Philip Green

Philip Green

Just as March of 1970 gave way to April, there would be a brutal child murder in England with very little in the way of motive or suspects.

Eleven-year-old Philip Green had been hanging out with friends at a field near his home in Bristol on the morning of Tuesday, March 31st. After lunch, he told them he was going down to the golf course in Shirehampton, which he often did. He was in the habit of searching for lost golf balls, cleaning them, and then selling them back to the golfers for pocket change.

On this particular day, he’d had quite a decent take; he came home that afternoon for tea and showed his mother Gladys the two shillings he had earned. He then told her that he was heading back out again, and left the house at approximately quarter to seven that evening.
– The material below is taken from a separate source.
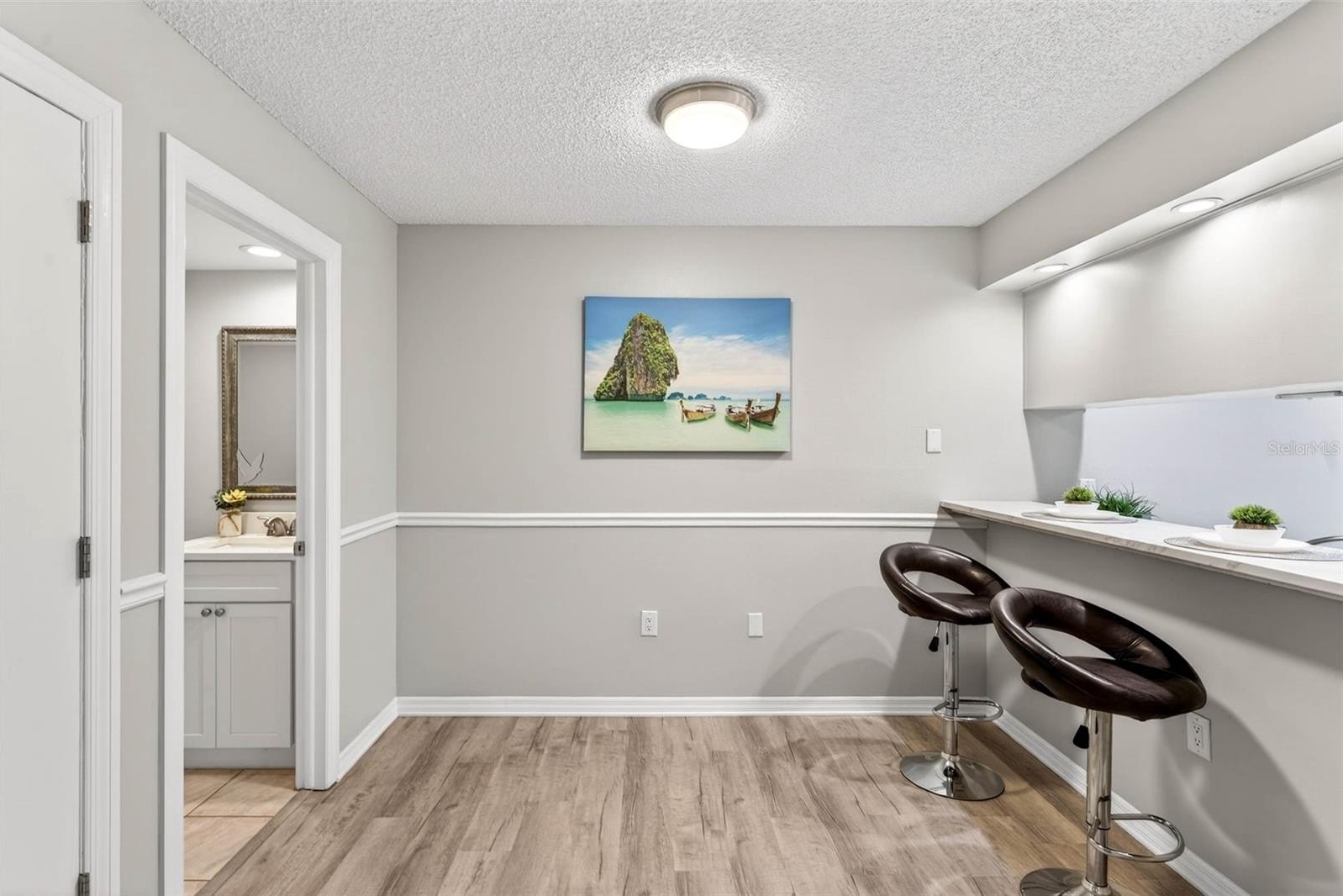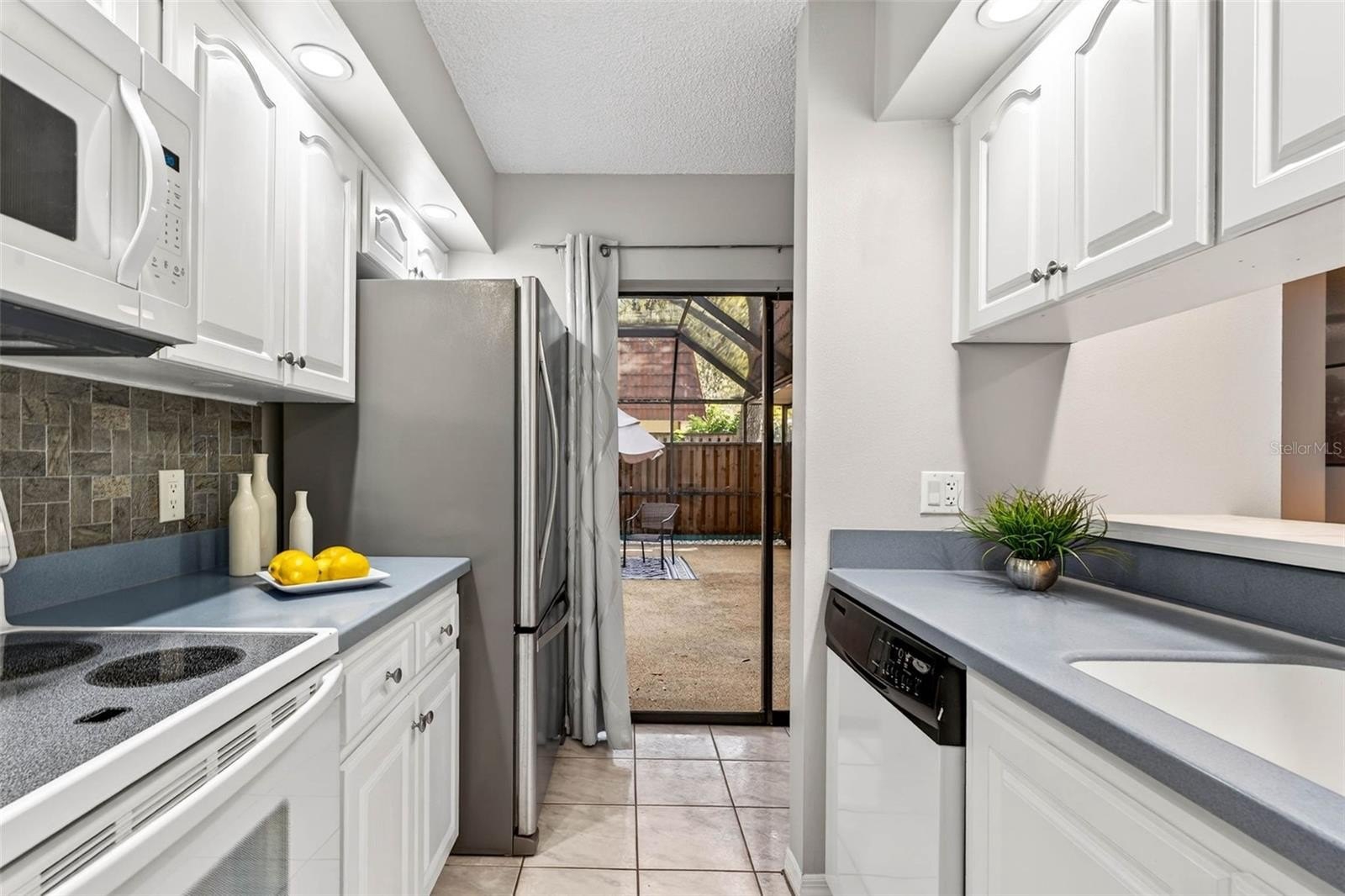 Inside, the home offers approximately 1,344 square feet of thoughtfully designed living space and has been recently updated with attention to both style and functionality. The interior showcases luxury vinyl flooring, fresh neutral paint throughout, and a bright, open layout perfect for everyday living and entertaining. The spacious living and dining areas flow effortlessly into the updated kitchen, which features newer appliances (refrigerator and microwave), ample cabinetry, and a clean, modern aesthetic.

Gladys subsequently went out herself, to play bingo.

When Philip’s father Ivor returned from work later that night, he was apparently not alarmed by his son’s absence, assuming that Philip was with his mother. However, when Gladys arrived home shortly before nine-thirty without the boy, both parents began to panic, particularly as the night was a bitterly cold one. The Greens called police and organized neighborhood families to begin a search.

On the following day, April 1st, police dogs came across the body of Philip Green lying on a bed of leaves at the bottom of a ditch on the Shirehampton golf course. He had been strangled, and bludgeoned with an oak branch, which was found broken and spattered with blood only a few feet from the remains. He had been neither raped nor robbed.

Police in Bristol were soon joined by investigators from Scotland Yard, who undertook a far-reaching inquiry in the hopes of finding the child’s killer. Though one witness did report that he had seen a shabbily-dressed man with black, greasy hair climbing over the wall that divided the golf course from Shirehampton Road at around eight-fifteen p.m., this individual was never able to be identified.

Even more frustratingly, it seemed that no one at all could remember seeing Philip Green between the time he left his home and the time he was discovered dead eighteen hours later, even though he likely would have passed along the busy Shirehampton Road on his way to the golf course. And authorities had even less of an idea why someone would batter the eleven-year-old to death for what appeared to be no reason whatsoever.

Despite the efforts of police and locals, who raised over a thousand pounds (equivalent to approximately twenty-four-thousand dollars in 2023 U.S. currency) for information leading to a conviction, the case went cold and has remained unsolved for more than half a century.